ThaiBev acquired Saigon Beer-Alcohol-Beverage Corporation (Sabeco) in Vietnam, the Grand Royal Group in Myanmar and 252 KFC outlets in Thailand.
Fitch attributed the slower than forecast deleveraging to weak domestic demand for alcoholic beverages for the fiscal year ended September 2018.
It has however affirmed ThaiBev's long-term foreign-currency issuer default rating at "BBB-", and its national long-term rating and senior unsecured ratings at "AA(tha)".
"ThaiBev's ratings reflect its strong market position in spirits and its leading share of beer sales in its key markets of Thailand, Vietnam and Myanmar, which are counterbalanced by its narrow geographic diversity and smaller operating scale compared with rating peers," said Fitch.
It expects ThaiBev's net leverage to remain high at around 4.5 to 5.5 times in FY2019 to FY2021, compared with its earlier forecast of four times by FY2021. Fitch did note the company is coming off its peak of 8.3 times at the end of FY2018.
"ThaiBev has demonstrated its commitment to prioritising debt reduction and maintaining a conservative capital structure after large debt-funded acquisitions. The company appears to be mainly focused on improving operating cash flows at Sabeco to reduce its leverage, with no other deleveraging plans announced," Fitch said.

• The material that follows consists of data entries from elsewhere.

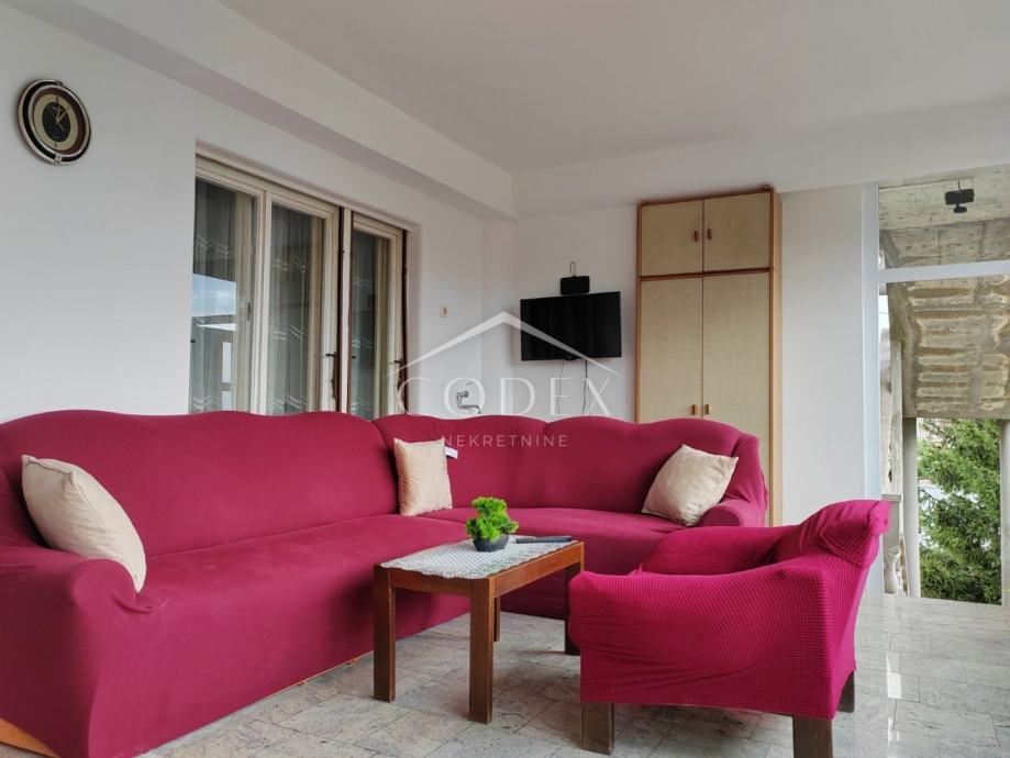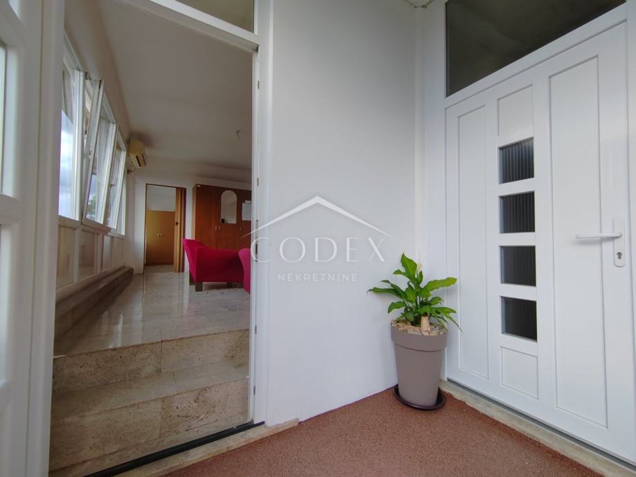 Sunčana ostakljena veranda pruža prekrasan pogled na more, stvarajući savršeno mjesto za opuštanje nakon napornog radnog dana.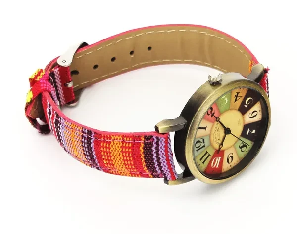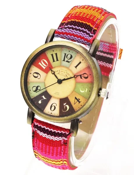 Product Specifications Gender: Women', Girl Style: Fashion, Sport Movement: Quartz Display: Analog Type: wrist watch Watch length(including case): 22 cm / 8.6 inch Band width: 1.8 cm / 0.7 inch Case diameter: 3.6 cm / 1.4 inch Band Color: Multicolor Clasp: Buckle Clasp Band Material: Denim Case Material: Alloy Case Shape: Round Battery: Button Cell included Package Content: 1 x Watch
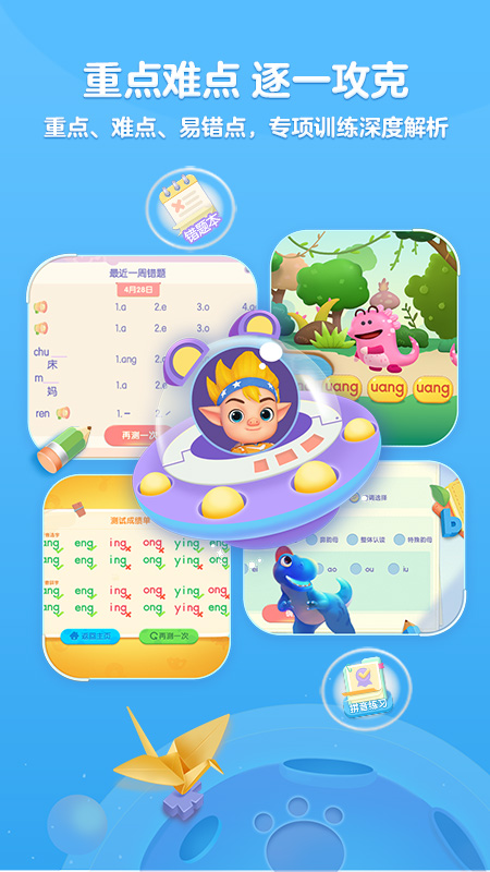 针对拼音音形设计独有的创意交互环节,玩、认、调、读、说、拼、练、写、测9大教学环节,让孩子关联记忆高效学习。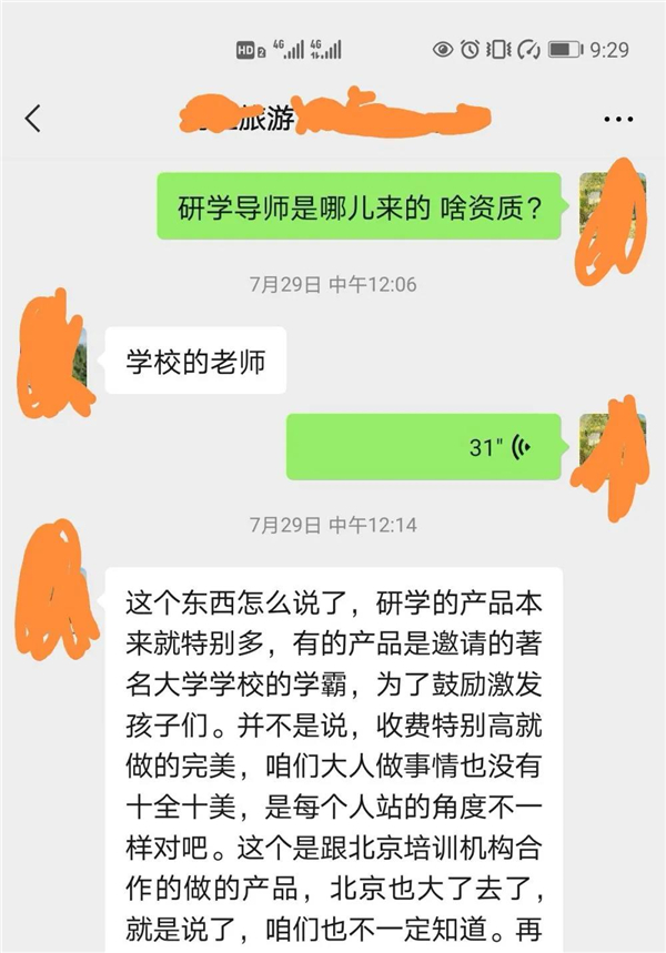 一位夏令营组织人员坦言,对研学导师的具体来源、资质等并不清楚。(来自手机截图)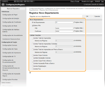 Registe uma ID de departamento e defina um PIN para a ID. Registe todas as ID de departamento destinadas a gestão.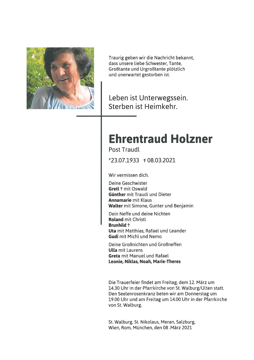 Die Trauerfeier findet am Freitag, dem 12. März um 14.30 Uhr in der Pfarrkirche von St. Walburg/Ulten statt.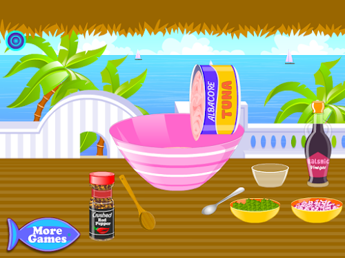 Hello, today is a great day and we want to eat something healthy and very good. To satisfy our appetite we thought at a recipe with tuna, we all know that tuna fish is very tasty and healthy and that is why our recipe is amazing. If you want to help us to prepare a very tasty dinner this cooking game will give you the opportunity to cook something very good. For the recipe to come out exactly as you have you will have to pay attention to all the instructions and you need to follow all the steps and use the exact ingredients of this recipe. Of course this kids game will help you to prove that you are a good cook and a good friend who can help us in critical times.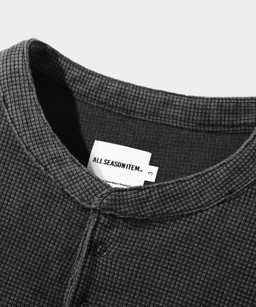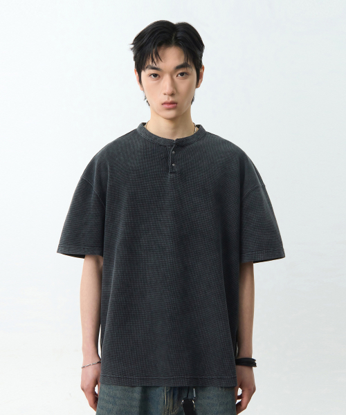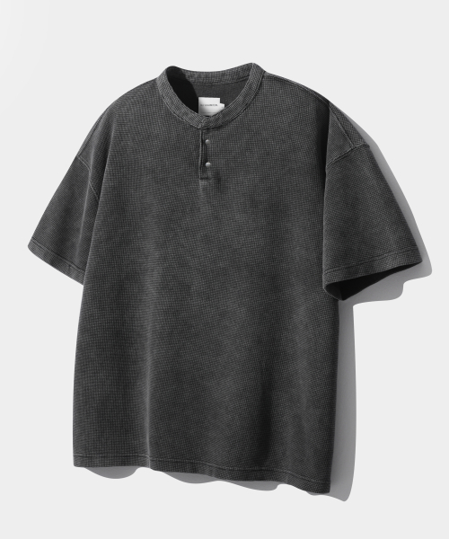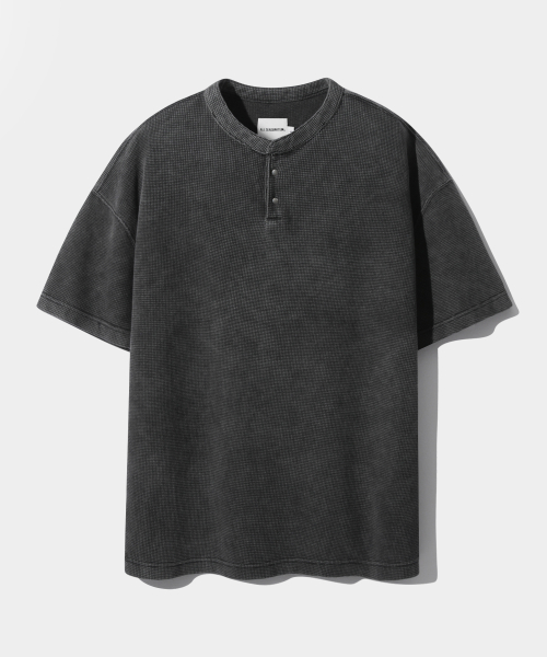 ASI 에센셜 와플 헨리넥 반팔 티셔츠_피그먼트 차콜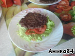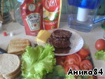Далее идет салат, помидор и наша говяжья котлетка. Ммммм... вы чувствуете этот аромат???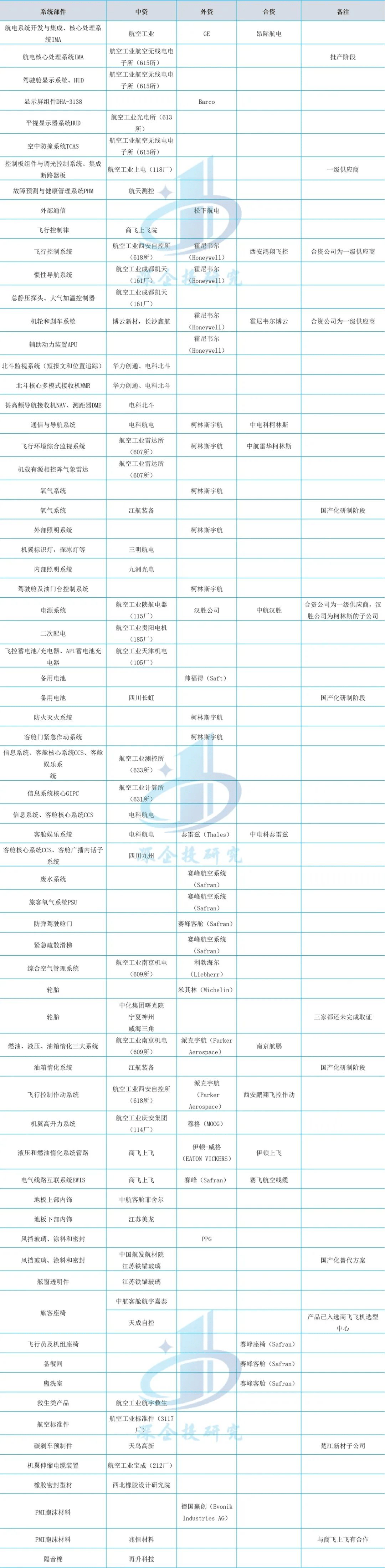 C919采用支流客机制制国际通行的“从制制商-供应商”模式。“从供模式”是当宿世界次要飞机制制商采纳的支流体例,由于航空制制业越来越集中,研发成本越来越大,以致各大垄断寡头为了分管风险,正在节制好焦点手艺的前提下,将手艺研发和出产制制进行了全球化分工,从而分摊研制费用,正在全球范畴内选择成本凹地降低制形成本,同时也取次要市场国度构成分工协做,降低市场准入妨碍。波音、空客正在新一代平易近机上都采纳了“从-供”模式。C919的研制亦采用了“从制制商-供应商”模式:此中,1)C919机体部件次要由国内供应商承制,包罗雷达罩、机头、机身、机翼等。2)策动机及次要机载系统,则按照客户需求,由国外供应商同国内相关企业开展合伙或合做配合完成。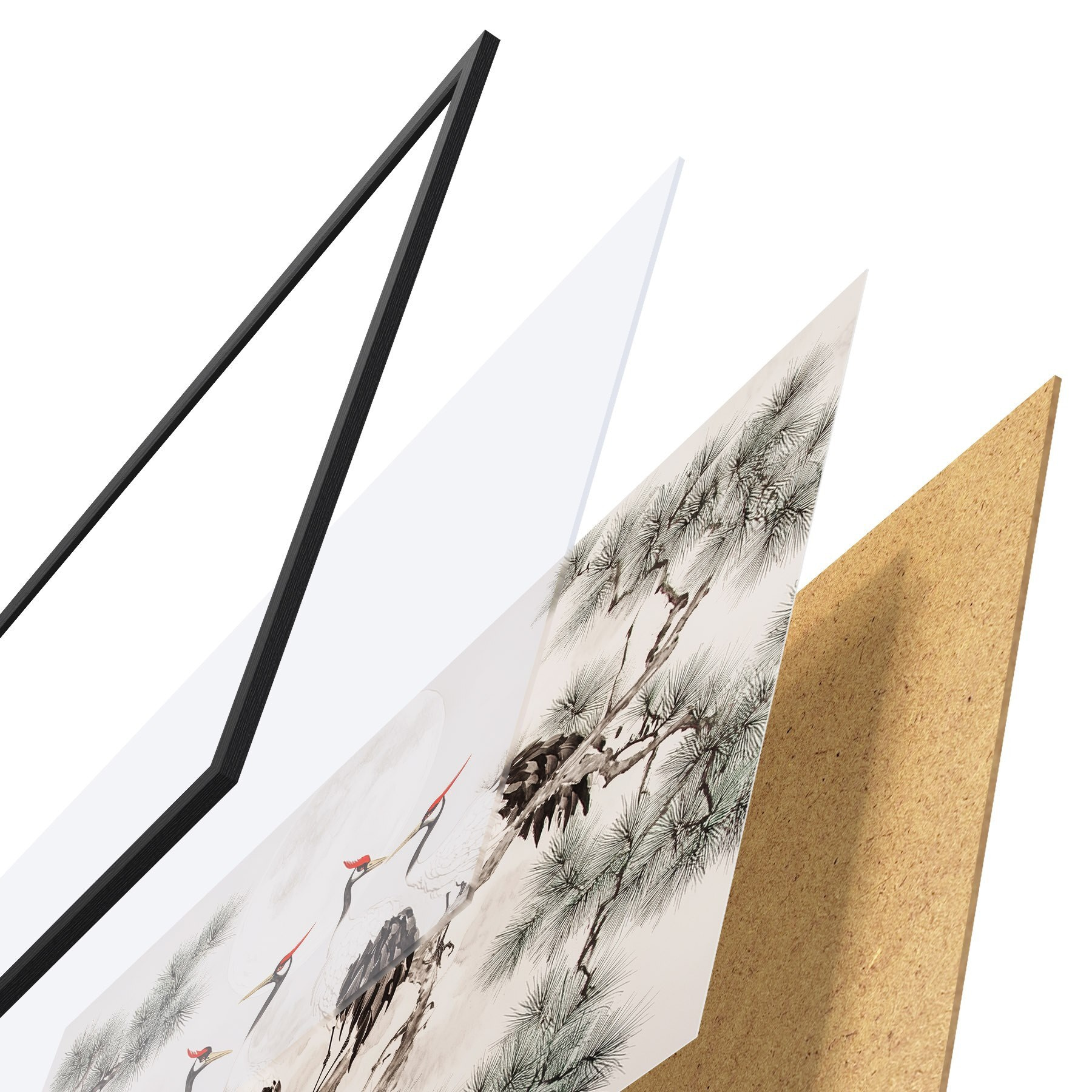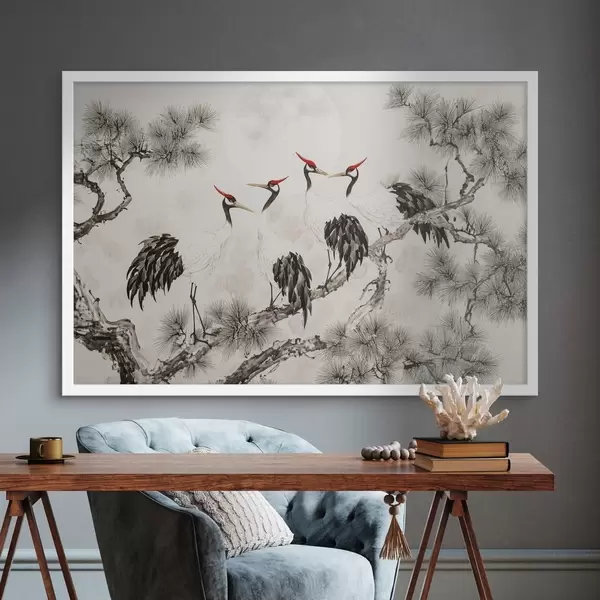 Poster Arte cinese con gru e pini, stile orientale, natura Nr f44503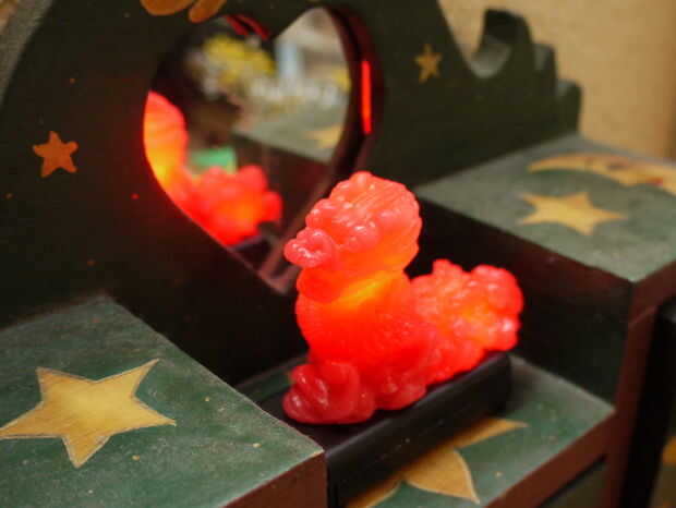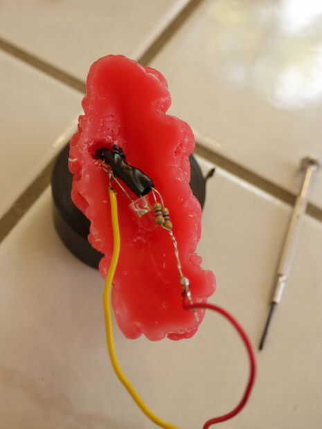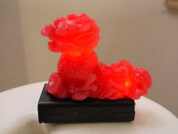 Relleno el LED en su agujero, empujando con un destornillador si es necesario. Puse otro LED en su depresión en la parte inferior. Agrandamiento de la depresión en la parte inferior del dragón para el cableado y había puesto el dragon encima de la caja de batería.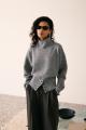 膨らみのある糸を使用し、全体的にふんわりと柔らかい印象の中に、シルエット調整の出来るタイトなウエストリブと高めの衿で、マニッシュな雰囲気もプラス。デイリーに使えるのに飽きのこないアイテム。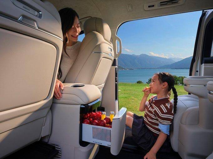 吉利银河V900云感SPA座椅背软坐弹,久坐不累,加热、通风、记忆、SPA级按摩等豪享配置一应俱全,且二三排都可以躺倒,让长途出行也如在家中客厅一样放松惬意。Flyme Sound无界之声27扬声器系统,配合后排娱乐巨幕,打造沉浸式移动影音厅,AI无麦K歌功能,更让全家一路欢声笑语,告别长途沉闷。超宽温域冷暖箱可在-6℃至50℃之间精准控温,无论是夏天的冰淇淋,还是冬日热饮,随时满足全家味蕾。二排双小桌板不仅是移动办公桌、零食分享台,还可化身“移动学习桌”,让孩子行程中也能安心补作业,游玩学习两不误。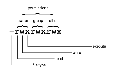 If a place in a permission listing contains a hyphen (-) instead of a permission character, it means that permission (read, write, or execute) does not apply to that set of three.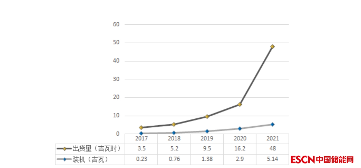 圖6 我國儲能鋰離子電池出貨量和裝機增長情況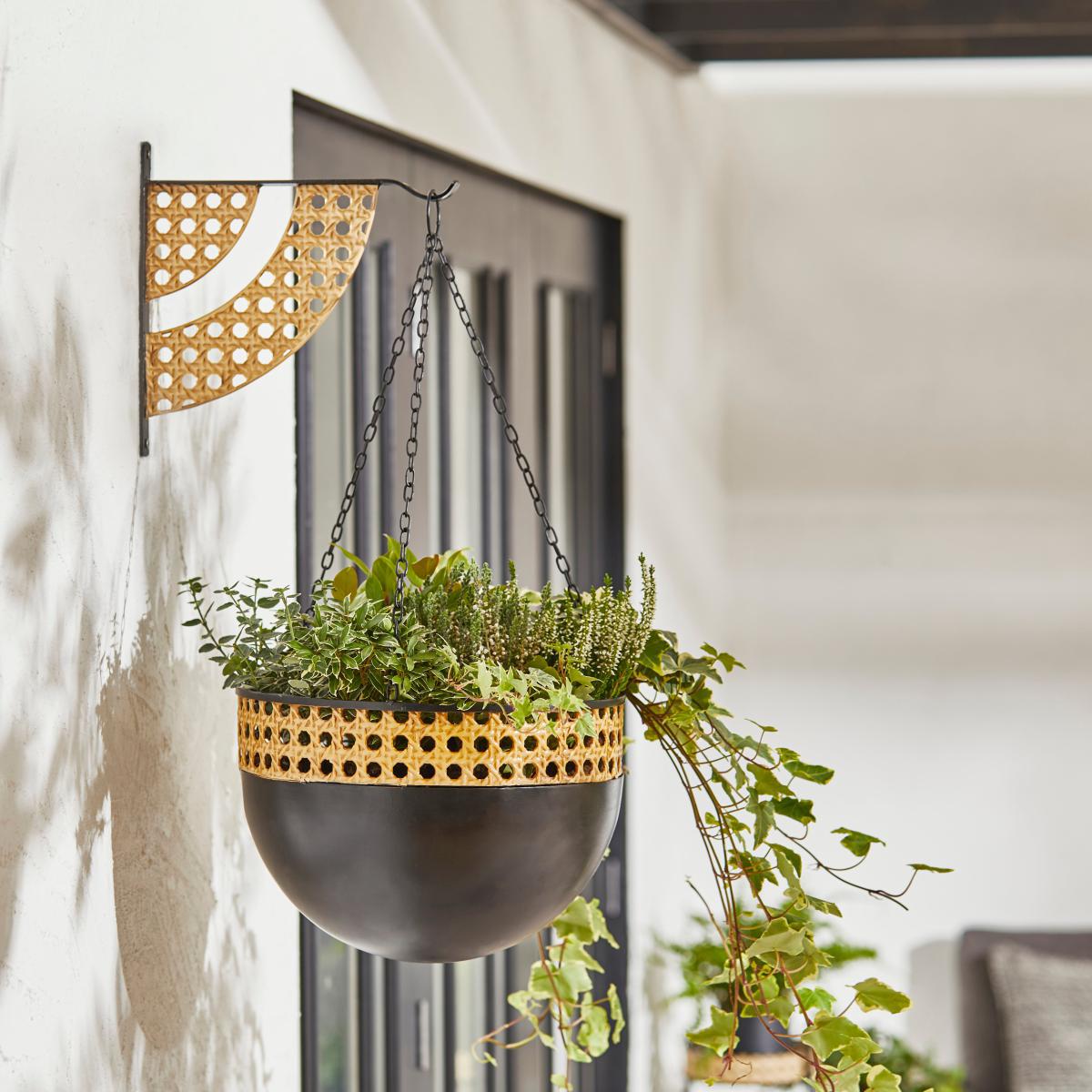 Sulu Rattan Effect Hanging Basket with Bracket MultiColoured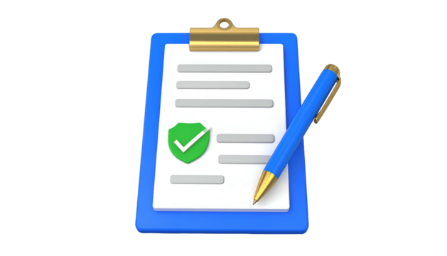 3D illustration of a clipboard with a document, checkmark, and pen on a black background

It added that the company could deleverage faster, reducing its net leverage to below four times by FY2021, the level at which Fitch would consider negative rating action, if its newly acquired businesses improve their operating efficiencies or it undertakes capital management or asset restructuring.
ThaiBev has 81.5 billion baht (S$3.47 billion) of debt maturing within the next 12 months at end-December 2018, including short and long-term loans and working-capital facilities. The maturing debt includes 71 billion baht in short-term bridge loans used for acquisitions, all of which were repaid early (mostly refinanced with long-term debentures) in the second quarter of FY19.
Fitch expects a gradual recovery for ThaiBev's earnings before interest, tax, depreciation and amortisation (Ebitda), and that it will increase to above 40 billion baht for FY2019 from 33 billion baht for FY2018, amid broad-based recovery across all its key product segments and end-markets.
The full-year contribution of cash flows for FY2019 from Sabeco and the KFC stores acquired in December 2017, and cash flows from new KFC stores opened in 2018 will add to revenue and earnings growth for ThaiBev, Fitch added.
Thai Beverage shares traded flat at S$0.825 as at 9.29am on Thursday.